Segment Start: MATERIAL PROVIDED
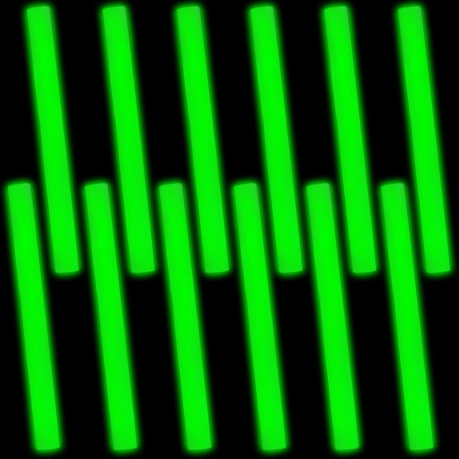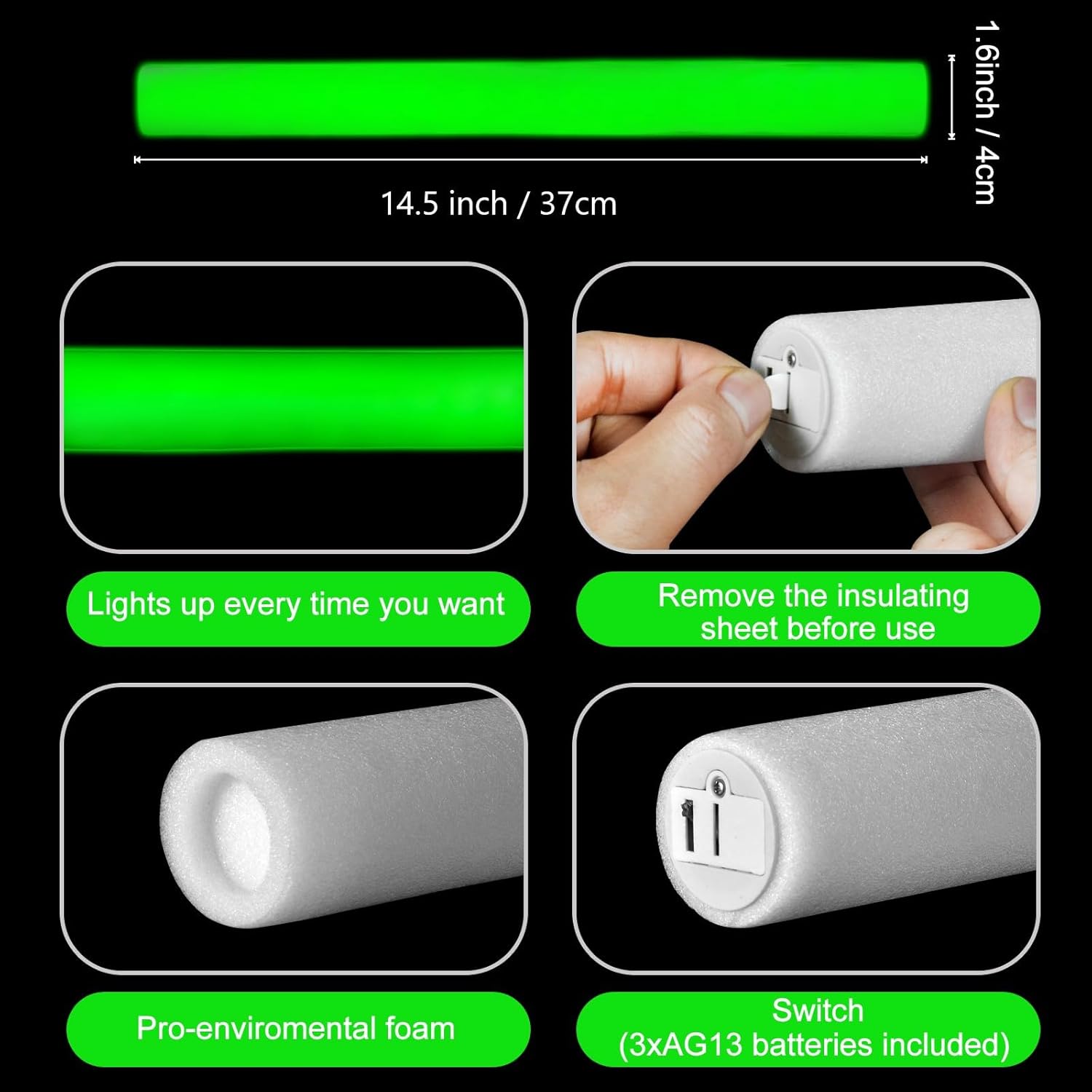 - Glow In the Dark Giant Foam Sticks: You will get 36 pack green light up foam glow sticks. Press the power button to switch between the 3 different light up modes: quick flashing, slow flashing and alternately flashing. These LED foam sticks boast vibrant colors, offering wider light coverage and ensuring the excitement party experience,bring tons of joy for you. Perfect for theme music festivals, birthday, camping, clubs, shows and more
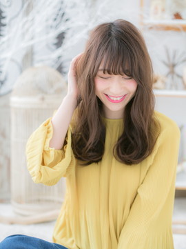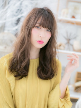 リラクシーな抜け感漂う外国人風ロング。くせ毛風のゆるやかな縦ラインで小顔に見せます。斜めバングや厚めバングで目力強調。ふわミディからの伸ばしかけにGOOD。前下がりも大人クール。(メイク担当:川口店 成田)
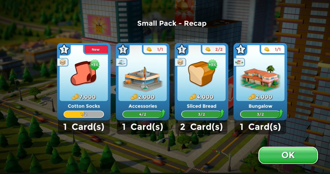 每天打开免费卡包,获取新建筑、装饰物、载具等等。寻找卡牌来解锁新建筑,并升级它们以增强现有基础设施。探索拥有卓越属性的稀有史诗卡牌,例如高耸的摩天大楼和令人惊叹的景点。
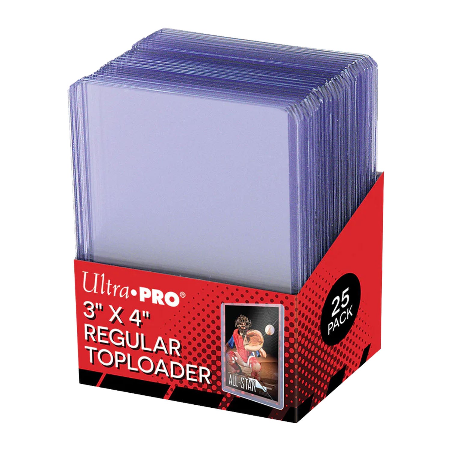 These rigid plastic protectors are made with super clear PVC to keep your cards safe for storage, display, during trade, and in shipments. With outer dimensions of 3" x 4", these Toploaders are designed to safely store standard size cards (2-1/2" x 3-1/2") up to 35 points in thickness. Each pack comes with 25 individual Toploaders.
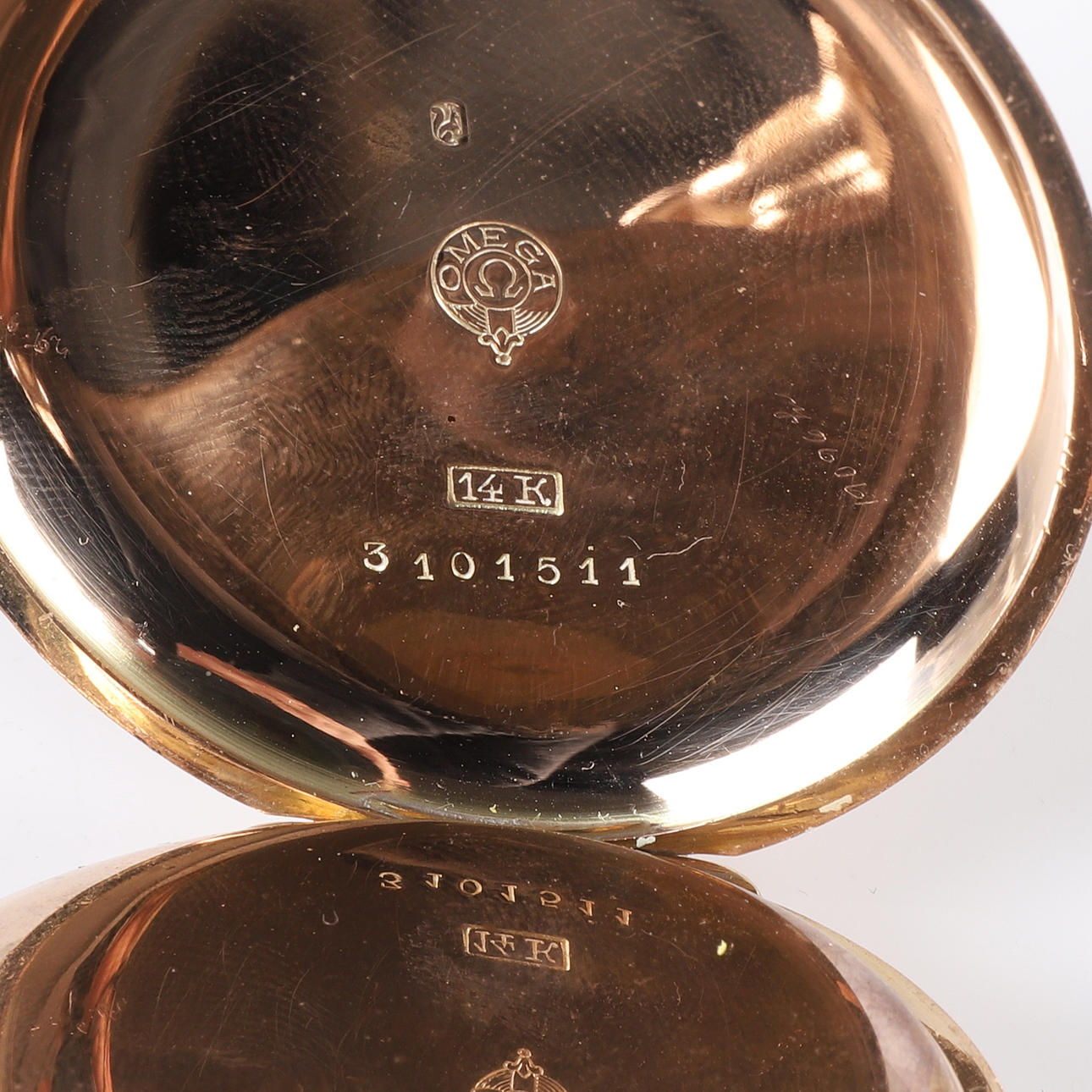 Fickur med boett i 14K rödguld Boett stämplad Omega, 14K Totalvikt 96,53 gram.
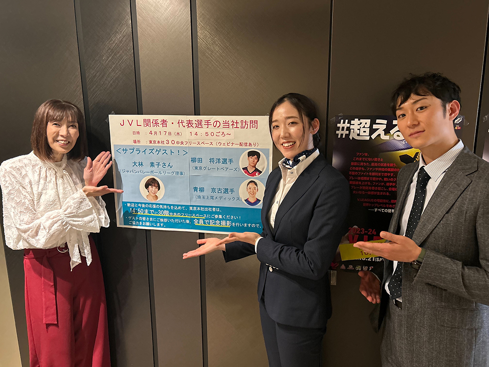 SV.LEAGUEタイトルパートナー発表の際、同じくゲストのJVL理事の大林素子さんと東京グレートベアーズの柳田将洋選手と登壇し、大同生命タイトルパートナー決定についてのコメントをさせていただきました。
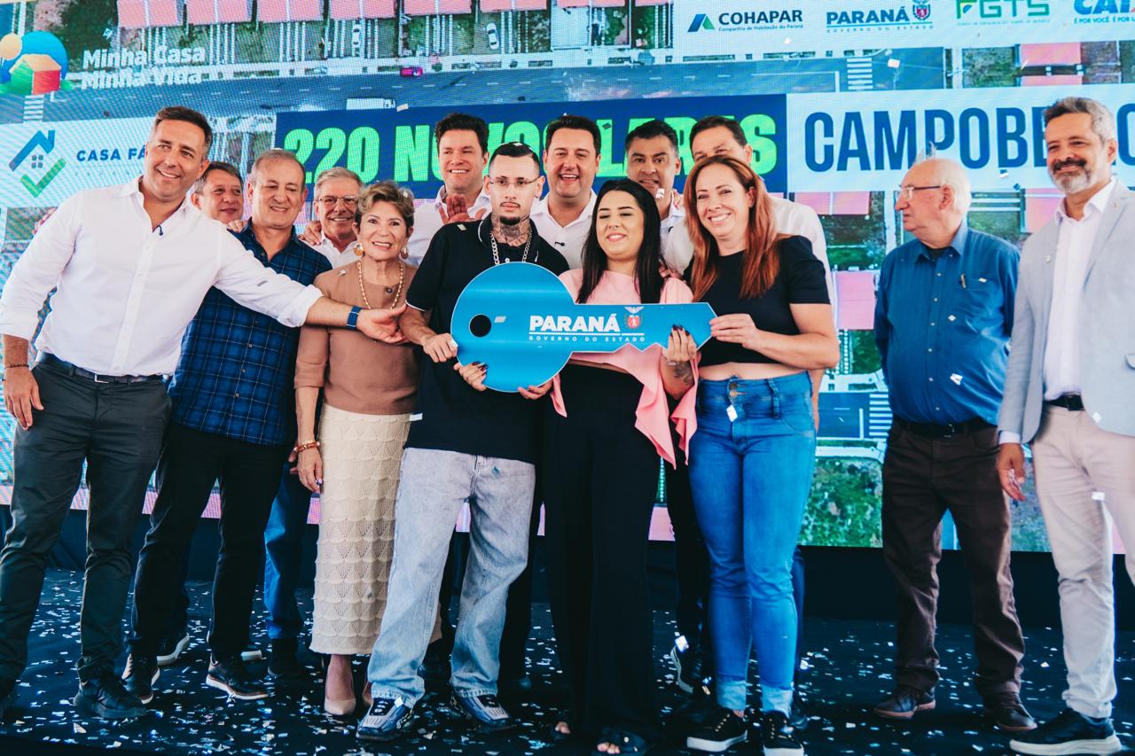A entrega ocorreu com a presença do secretário das Cidades, Guto Silva, e do governador Carlos Massa Ratinho Junior. O Estado destinou R$ 4,38 milhões para subsidiar a entrada de famílias com renda de até quatro salários mínimos.
Segment End: MATERIAL PROVIDED
BRIEF:
Lines from the one holding "These rigid plastic" to the end of the data, both ends included, are to be given again exactly; no pictures belong in the copy.

ANSWER BOX:
 These rigid plastic protectors are made with super clear PVC to keep your cards safe for storage, display, during trade, and in shipments. With outer dimensions of 3" x 4", these Toploaders are designed to safely store standard size cards (2-1/2" x 3-1/2") up to 35 points in thickness. Each pack comes with 25 individual Toploaders.
 Fickur med boett i 14K rödguld Boett stämplad Omega, 14K Totalvikt 96,53 gram.
 SV.LEAGUEタイトルパートナー発表の際、同じくゲストのJVL理事の大林素子さんと東京グレートベアーズの柳田将洋選手と登壇し、大同生命タイトルパートナー決定についてのコメントをさせていただきました。
A entrega ocorreu com a presença do secretário das Cidades, Guto Silva, e do governador Carlos Massa Ratinho Junior. O Estado destinou R$ 4,38 milhões para subsidiar a entrada de famílias com renda de até quatro salários mínimos.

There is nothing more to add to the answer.